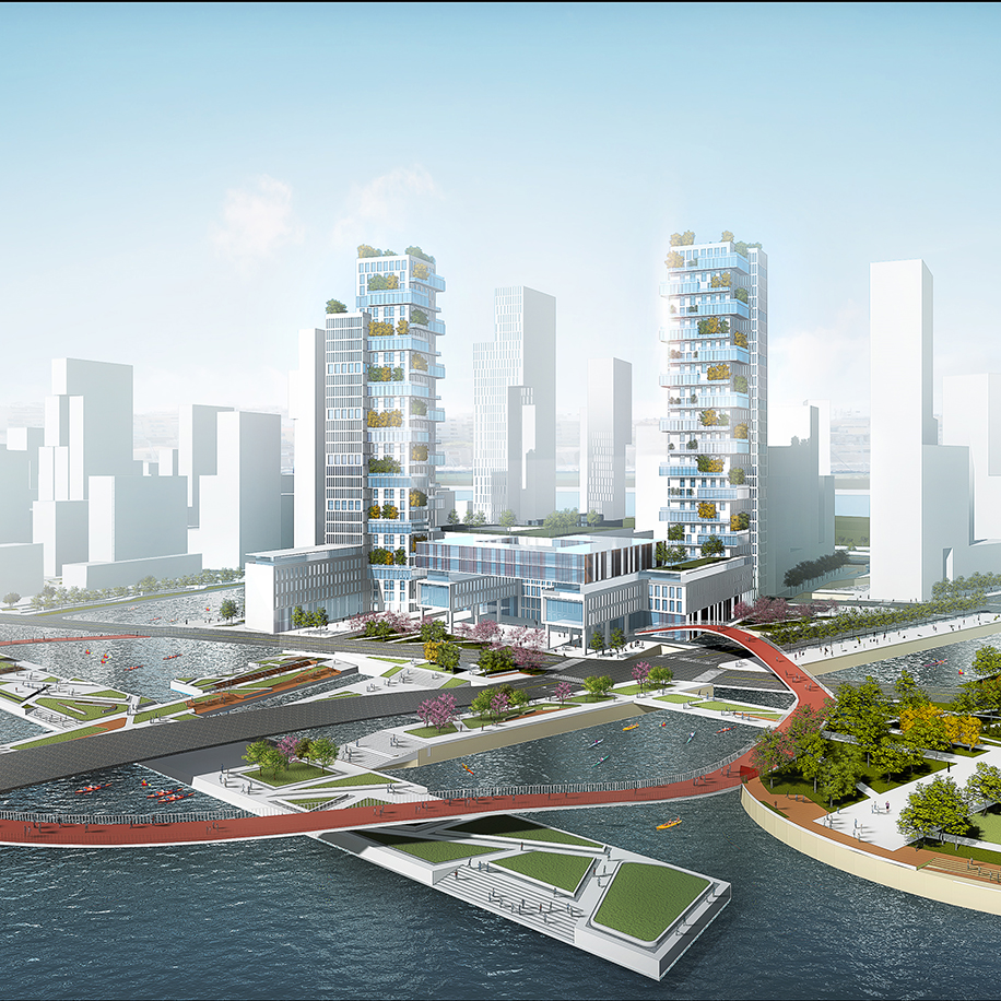 深圳海洋新城项目是我们对与海共生理念的一次综合实践,作为深圳市继前海后获得的一个稀缺战略性发展空间,项目对城市开发强度、体量及功能都提出了很高的要求,但另一方面,由于基地位于深圳大空港地区西北部,珠江河口围填地区,整个城市设计工作必须在截留河和生态湿地等多种设定下完成,导致任务书中将如何生态用海、生态营城、发展海洋产业列为三大核心议题。在给出的城市设计解决方案中,我们将人海共生设定为整个设计的出发点,在借鉴学习全世界案例的成功经验下,试图通过人为适度干预+生态自然修复两种相互结合的方式协调城市、海洋、生态三者之间的关系,最终塑造一种与自然共生、与海洋共生的新型海洋新城。
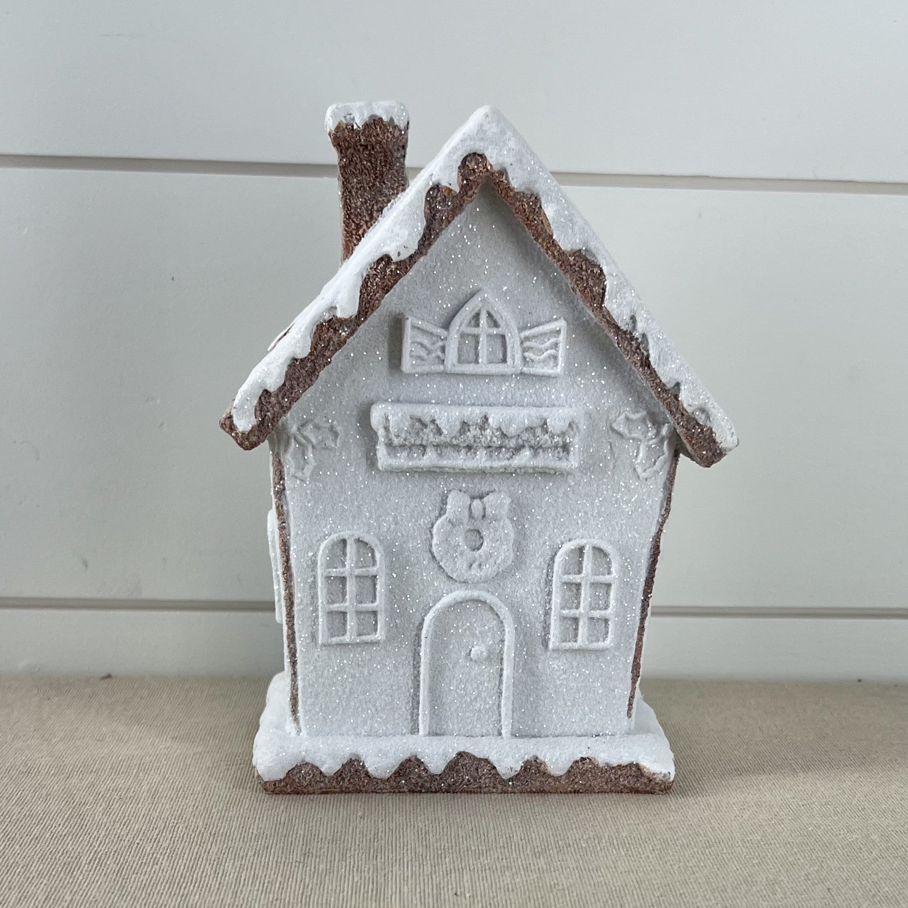 6.25 Inch Glittered White Frosted Gingerbread House
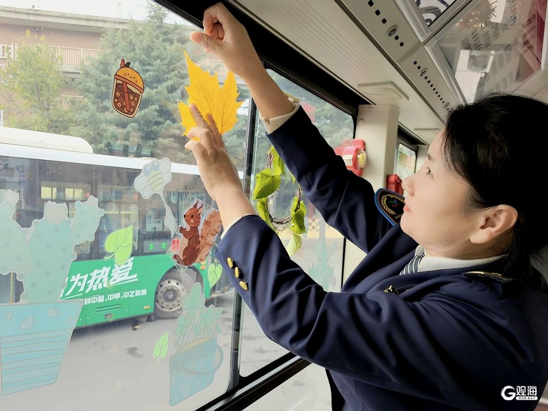 228路驾驶员管涛道出了打造主题车厢的初衷:“步入秋天,香港西路两旁、八大关周边,树叶纷纷换上了金黄的盛装。每年这个时节,都会有大批市民慕名前往八大关赏秋。今年又看到‘落叶缓扫’的新闻,想着能让大家在乘车途中也能感受到浓浓的秋意,便萌生了打造主题车厢的想法。”
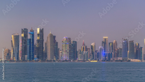 Obraz premium Doha downtown skyline day to night timelapse, Qatar, Middle East
• • • • • • •
Pictures stay out; print everything else in the data exactly.

 深圳海洋新城项目是我们对与海共生理念的一次综合实践,作为深圳市继前海后获得的一个稀缺战略性发展空间,项目对城市开发强度、体量及功能都提出了很高的要求,但另一方面,由于基地位于深圳大空港地区西北部,珠江河口围填地区,整个城市设计工作必须在截留河和生态湿地等多种设定下完成,导致任务书中将如何生态用海、生态营城、发展海洋产业列为三大核心议题。在给出的城市设计解决方案中,我们将人海共生设定为整个设计的出发点,在借鉴学习全世界案例的成功经验下,试图通过人为适度干预+生态自然修复两种相互结合的方式协调城市、海洋、生态三者之间的关系,最终塑造一种与自然共生、与海洋共生的新型海洋新城。
 6.25 Inch Glittered White Frosted Gingerbread House
 228路驾驶员管涛道出了打造主题车厢的初衷:“步入秋天,香港西路两旁、八大关周边,树叶纷纷换上了金黄的盛装。每年这个时节,都会有大批市民慕名前往八大关赏秋。今年又看到‘落叶缓扫’的新闻,想着能让大家在乘车途中也能感受到浓浓的秋意,便萌生了打造主题车厢的想法。”
 Obraz premium Doha downtown skyline day to night timelapse, Qatar, Middle East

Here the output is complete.